宮古、釜石、大船渡、陸前高田、気仙沼...
今年三月のあの日以来、毎日のように伝えられる東北の町の名前は、
私の遠い日の記憶を呼び戻すものでした。

 
もう遠い昔、私が二十代の頃に、十和田湖までサイクリングで往復しました。

その前の年に房総半島を一周して自信がついて、今度は、高校の修学旅行で通った発荷峠からもう一度十和田湖を見てみたい。そして、奥入瀬の遊歩道を自転車を担いで歩いてみたい、という思いでした。

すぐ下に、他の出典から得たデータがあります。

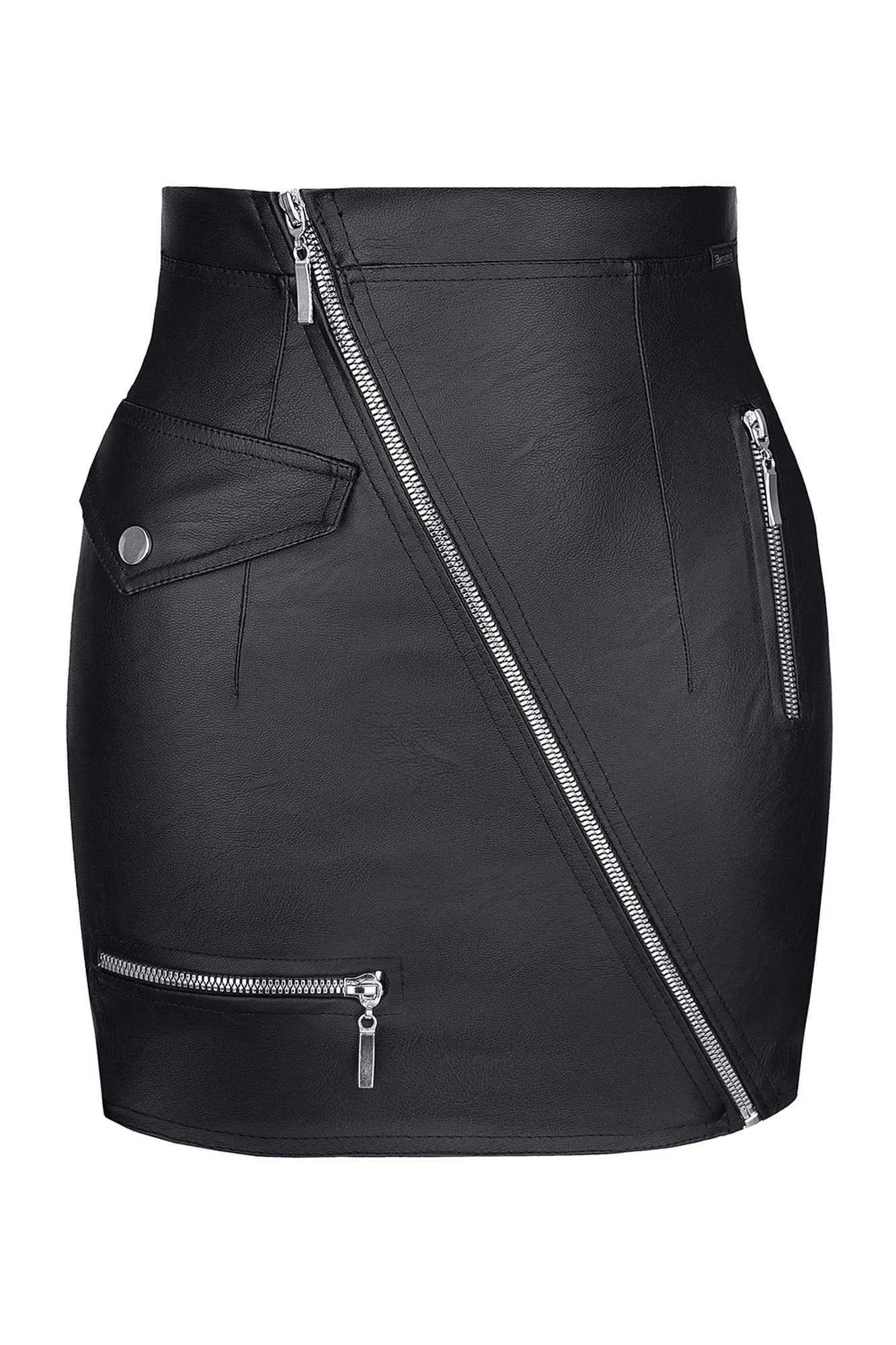 Design spódniczki przyciąga wzrok dzięki trzem ozdobnym zamkom błyskawicznym umieszczonym z przodu oraz patce ze srebrnym napem. Suwaki ozdobione są grawerowanym logo demoniq, co dodaje jej unikalnego charakteru. Model FRANCESCA został zaprojektowany, aby perfekcyjnie podkreślać wcięcie w talii i uwypuklać kształty pośladków, co czyni go doskonałym wyborem na wyjątkowe okazje.

一日に200kmぐらい走って、予定どおり4日目に十和田湖に着きました。
国民宿舎「十和田カルデラ」に2泊して、自転車で遊覧船に乗せてもらったり、
湖のまわりを走ったり奥入瀬を歩いたりして、楽しく過ごしました。

往路は国道4号線で内陸を走ったので、帰りは一日の距離も余裕をみて、三陸の海沿いに走る計画でした。
職場の同僚に岩手県下閉伊郡山田町の出身の人がいて、その人の実家で一泊とめていただけることになっていました。

ところが、帰りの2日目は大雨で、八戸から久慈まで走るのがやっとでした。
3日目は晴れて、山田町に着いたのはお昼ごろでした。ここで1泊すると予定より1日オーバーしてしまいます。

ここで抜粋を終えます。